Once your model is trained, the next thing you want to know is how well it performs. OpenPipe’s built-in evaluation framework makes it easy to compare new models you train against previous models and generic OpenAI models as well.

When you train a model 10% of the dataset entries you provide will be withheld from training. These entries form your test set. For each entry in the test set, your new model will produce an output that will be shown in the evaluation table.



While this table makes it really easy to compare model output for a given input side by side, it doesn’t actually let you know which model is doing better in general. For that, we need custom evaluations. Evaluations allow you to compare model outputs across a variety of inputs to determine which model is doing a better job.
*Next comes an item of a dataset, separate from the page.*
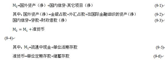 從(9-4)式可知,從廣義貨幣M2的構(gòu)成方面分析:一是M1的變動,二是準貨幣的變動。如果是M1的變動影響大,可進一步分析流通中現(xiàn)金及單位活期存款及影響其變動的因素;如果是準貨幣的變動影響大,可進一步分析單位定期存款和儲蓄存款及影響其變動的因素。

On the backend, we use GPT-4 as a judge to determine which output is a better fit for the test dataset entry. You can configure the exact judgement criteria, which models will be judged, and how many dataset entries will be included in the evaluation from the evaluation’s Settings page.
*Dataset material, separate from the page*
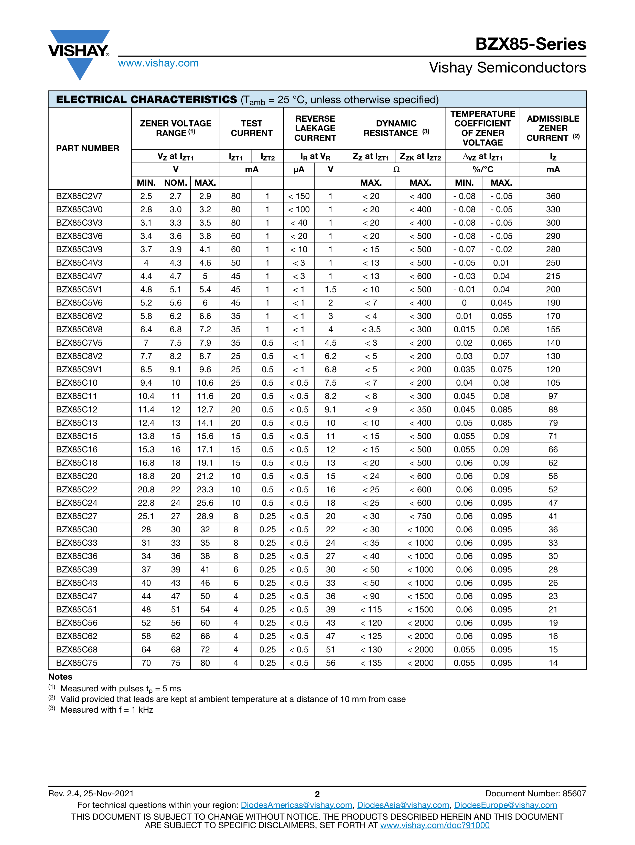 BZX85C7V5-TAP数据手册DO-204AL封装VISHAY(威世)PDF规格书,中英文下载

Results are shown in both a table and a head-to-head comparison view on the Results page.



To see the whole thing in action, check out the Evaluate tab in our public Bullet Point Generator dataset. Feel free to play around with the display settings to get a feel for how individual models compare against one another!

Evaluation models

We provide OpenAI LLMs like GPT-4 and GPT-4-Turbo for evaluations by default. These models serve as a solid benchmark for comparing the performance of your fine-tuned models.

In addition to the OpenAI models, you can add any hosted model with an OpenAI-compatible API to compare outputs with your fine-tuned models.

To add an external model for evaluation, navigate to the Project settings page, where you’ll find the option to include additional models in your evaluations.